The young man who had been speaking scrambled onto the fountain’s edge and yelled above the furor. “These are your prince’s own men! These louts who would trample you beneath their horses’ hooves and run you through with their swords serve Prince Rafael St. James of Bavia!”
“No,” Annie whispered, but even as Phaedra tried to pull her away, she knew by their uniforms that these soldiers were indeed allied with the crown. Even as she watched, a member of the militia leveled a gun at the dissenter and shot him in the center of the chest.
He toppled into the pool surrounding the fountain, his blood staining the water, and Annie screamed in horror.
“Stop!” she yelled, flinging herself at the nearest horseman, the blond man who had been giving orders from the beginning. She clawed at his saddle, trying to climb his leg, shrieking in furious, hysterical protest.
The soldier laughed, centered his boot in the middle of her chest, and pushed hard, sending her tumbling onto the cobblestones.
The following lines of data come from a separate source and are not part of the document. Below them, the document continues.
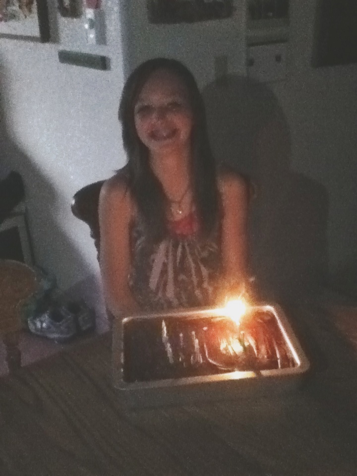 Then it was off to Grandma's house for a fun game of Yahtzee on the back porch, then cake, and presents. Fourteen candles creates quite a glow!
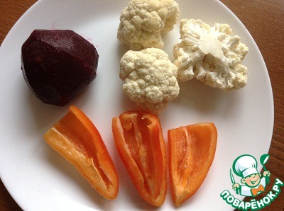 Нам понадобится отварная свекла, болгарский перец и цветная капуста
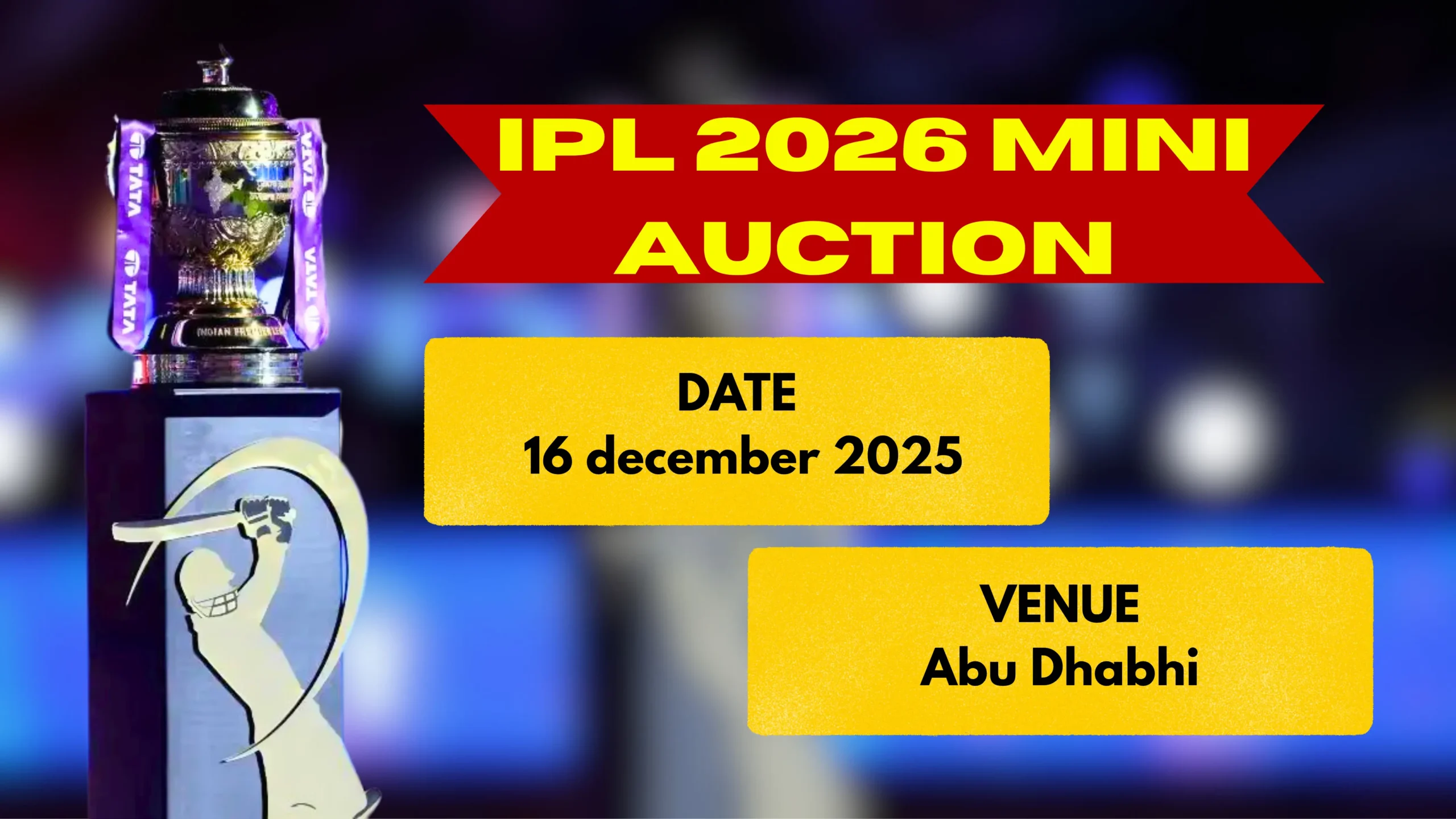 रिपोर्ट्स के अनुसार (According to reports), IPL 2026 Mini Auction 16 दिसंबर को अबू धाबी में आयोजित किया जाएगा।
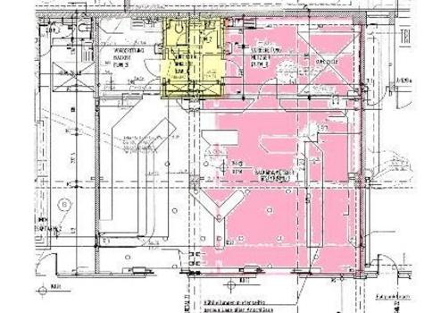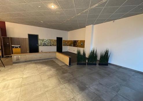 Ladengeschäft mit Fliesenboden, WC-Einheit und Personalraum in gemeinschaftlicher Nutzung mit benachbartem Bäckerei Shop
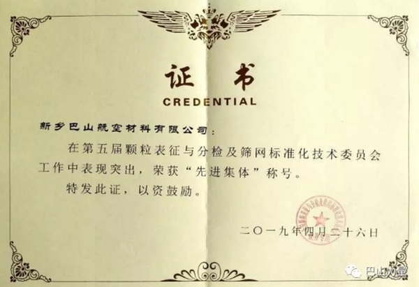 2019年5月,全國(guó)顆粒表征與分檢及篩網(wǎng)標(biāo)準(zhǔn)化技術(shù)委員會(huì)換屆暨六屆一次會(huì)議在江蘇常州召開,會(huì)上,巴山公司黨委副書記、總經(jīng)理白潛洋被聘為全國(guó)篩標(biāo)委副主任委員,并代表巴山公司參會(huì)。巴山公司作為GB/T6003.1、GB/T6003.2的主要起草單位,GB/T17492的參與起草單位,在全國(guó)顆粒表征與分檢及篩網(wǎng)標(biāo)準(zhǔn)化技術(shù)提升中表現(xiàn)突出,具有較強(qiáng)的影響力及引領(lǐng)作用,在此次大會(huì)中獲得“**集體”稱號(hào)。
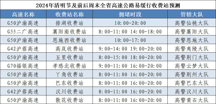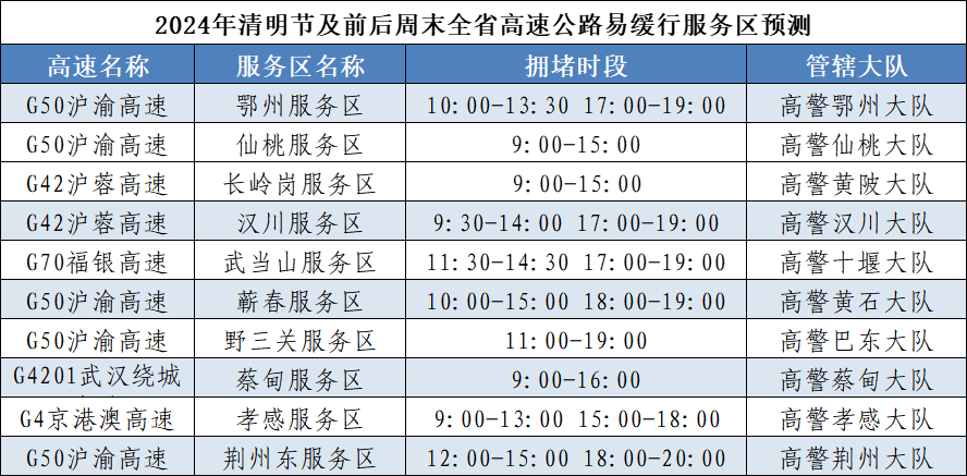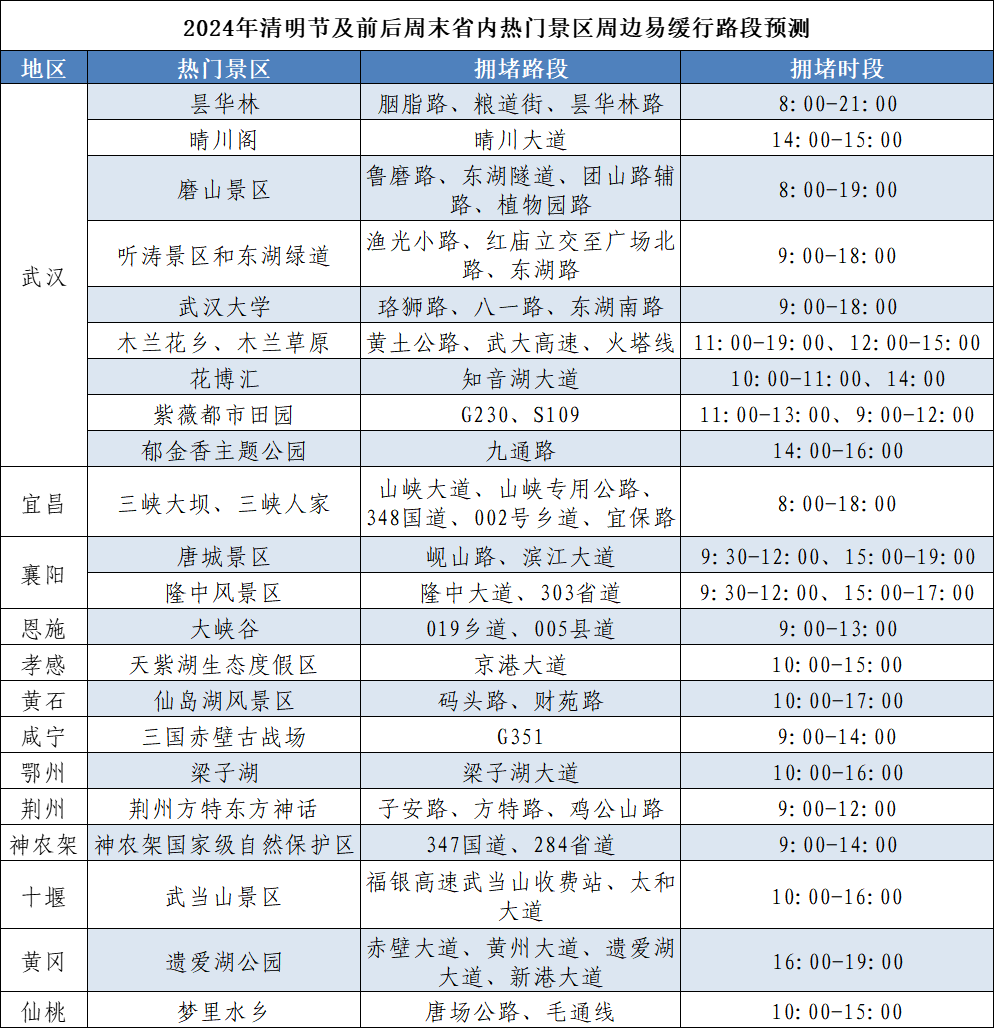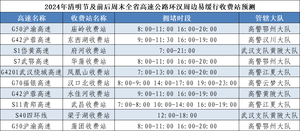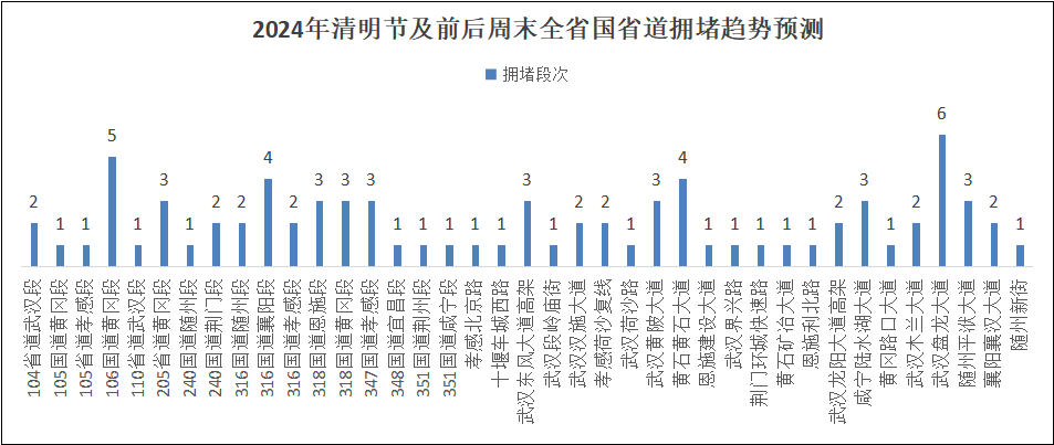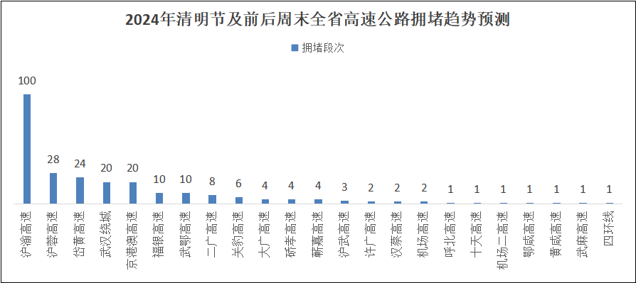 沪渝、沪蓉、岱黄、武汉绕城、京港澳、福银、武鄂、二广、关豹等高速路段拥堵风险高。
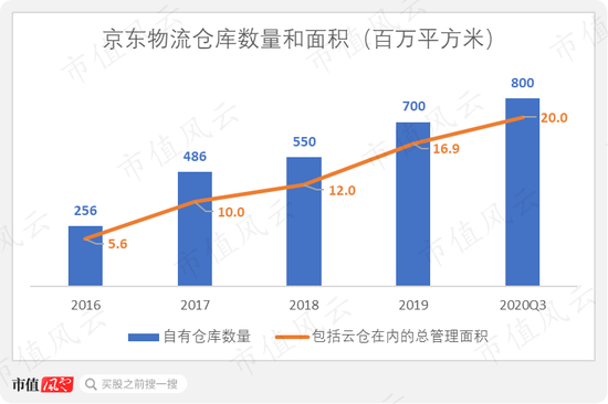 翻看过去几年京东物流的自有仓库数量和总仓储面积,可以发现两项数据一直在增长。
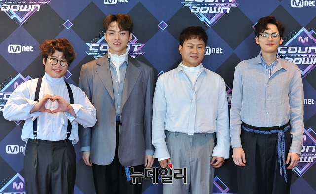 밴드 하이브로가 6일 오후 서울 마포구 CJ ENM 센터에서 열린 생방송 엠카운트다운에 앞서 포토타임을 갖고 있다.

Phaedra fell to her knees beside Annie, trying to shelter her and at the same time using all her strength to keep her from bolting back to her feet and flying at the man like a scalded cat.
“No, Annie,” Phaedra pleaded, in a sobbing whisper, “he’ll kill you.”
Frenzied, the riders began knocking down the merchants’ booths, upsetting carts and letting their horses trod upon precious fruit and vegetables. Vendors knelt on the ground, weeping over their lost goods, and Annie heard screams of fear all around her.
She and Phaedra clung to each other, in the middle of it all, their faces wet with tears. At some point, Annie came to her senses and crawled under a stone bench, pulling the princess after her.
There they stayed until Rafael’s soldiers had grown weary of their game and ridden away. Not an hour had passed, according to the clock in a nearby tower, yet for Annie Trevarren, the whole world had been forever altered. She loved Rafael St. James as much as ever, but her loyalties had shifted to the side of the Bavian people.